This is a template of a fully customisable neural network, written in Python. It allows anyone with limited knowledge of machine learning to easily create a working neural network, while allowing those with a more sound knowledge of the field to create more complex networks.
This module only requires matrix, which can be found here
Clone this repository with the following command.
https://github.com/Akshat-Tripathi/neural_net.git
Currently neural networks can be made using:
- Backpropagation
- inputs: 1 row of the dataset in the form of the matrix data type.
- activation: The activation function of the layer can be either:
- relu
- sigmoid
- linear
These must be lowercase strings
- nodes: The number of neurons in the layer. Must be integers.
- learning_rate: The learning rate of the layer, must be an integer or a float.
pass_inputs(self, inputs)This method used to allow the layer to accept another row of input data.
The layer is initialised with only a single row of data for example: [1, 2, 3], and to pass a new row [4, 5, 6], this method must be used.
inputs: 1 row of the dataset in the form of a matrix data type.
feed(self)This method processes the input data and returns an output.
Note: the output is already an instance of the matrix data type.
stochastic_error(self, ideal)This method returns the difference between the output of the layer and the ideal value of the output.
ideal: The ideal value of the output of the layer in the form of the matrix data type.
update(self, error)This method incrementally updates the weight and bias matrices of the layer.
error: The value returned from the stochastic_error method
Returns the matrix used to update the weights and biases
backpropagate(self)This method is used to generate the error for the previous layer.
inputs: A 3d array of the input data
targets: A 3d array of the output data
layers: A 2d array containing the parameters for the layers - should be vectors with the variables: [activation, nodes, learning rate]
error_listener: A boolean value indicating whether or not the error should be recorded
shuffle_enabled: A boolean value indicating whether or not the inputs should be randomly ordered
forward_prop(self, x)This method propagates the input variable x through the network and returns the prediction of the network.
This method should be used to output the prediction of the network.

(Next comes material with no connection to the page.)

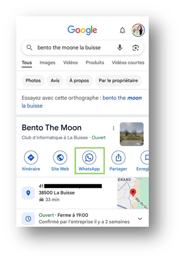 Cette fonctionnalitĂ©, disponible uniquement sur la version mobile de Google Search (non disponible sur Maps ou desktop) vous permet dâajouter un lien/bouton cliquable Whatsapp sur votre fiche Ă©tablissement.

x: A single row of the input data in the form of the matrix data type
train(self, epoch, batch_size)This method trains the neural network on all of the input data.
batch_size: An integer defining the number of datapoints used to calculate the error
epoch: The number of times the network should iterate over the dataset
Returns a list of the error over the epochs if error_listener is enabled
This first part will outline the creation of a neural network by using only the neural layers object.
First we want to import the necessary modules and create the input and target data.
from neural_net import neural_layer
import matrix as m
x = [[[0], [1]],
[[1], [0]],
[[1], [1]],
[[0], [0]]]
y = [[[1]],
[[1]],
[[0]],
[[0]]]Then the network is intialised with the creation of the layers. The network will be a two layer neural network with the relu activation function and a learning rate of 0.1.
nn1 = neural_layer(m.matrix(x[0]), "relu", 5, 0.1)
nn2 = neural_layer(nn1.feed(), "relu", 1, 0.1)Notice how the number of neurons in nn2 is equal to the number of outputs of the network. Tis must always be done for the network to function.
Now for the network to be fully initialised, the backwards dataflow must be created.
error = nn2.stochastic_error(m.matrix(y[0]))
nn2.update(error)
error = nn2.backpropagate()
nn1.update(error)Now the network has been initialised, it must be trained. Training involves the forward and backward propagation of the data.
These have already been done to initialise the network, and are to be repeated.
for epoch in range(100):
inp = x[i%4]
nn1.pass_inputs(m.matrix(inp))
nn2.pass_inputs(nn1.feed())
error = nn2.stochastic_error(m.matrix(y[0]))
nn2.update(error)
error = nn2.backpropagate()
nn1.update(error)This completes the training process and produces a basic neural network.
First we again want to import the necessary modules and create the input and target data.
from neural_net import neural_network
x = [[[0], [1]],
[[1], [0]],
[[1], [1]],
[[0], [0]]]
y = [[[1]],
[[1]],
[[0]],
[[0]]]Then we create a list to store the information about the layers.
layers = [["relu", 5, 0.1],
["relu", 1, 0.1]]The network above has the same shape as the previous network.
Now we create the neural_network and train it.
nn = neural_network(x, y, layers, error_listener=True)
error = nn.train(1000, 3)The error variable in this case is a list of the error per epoch the network was trained.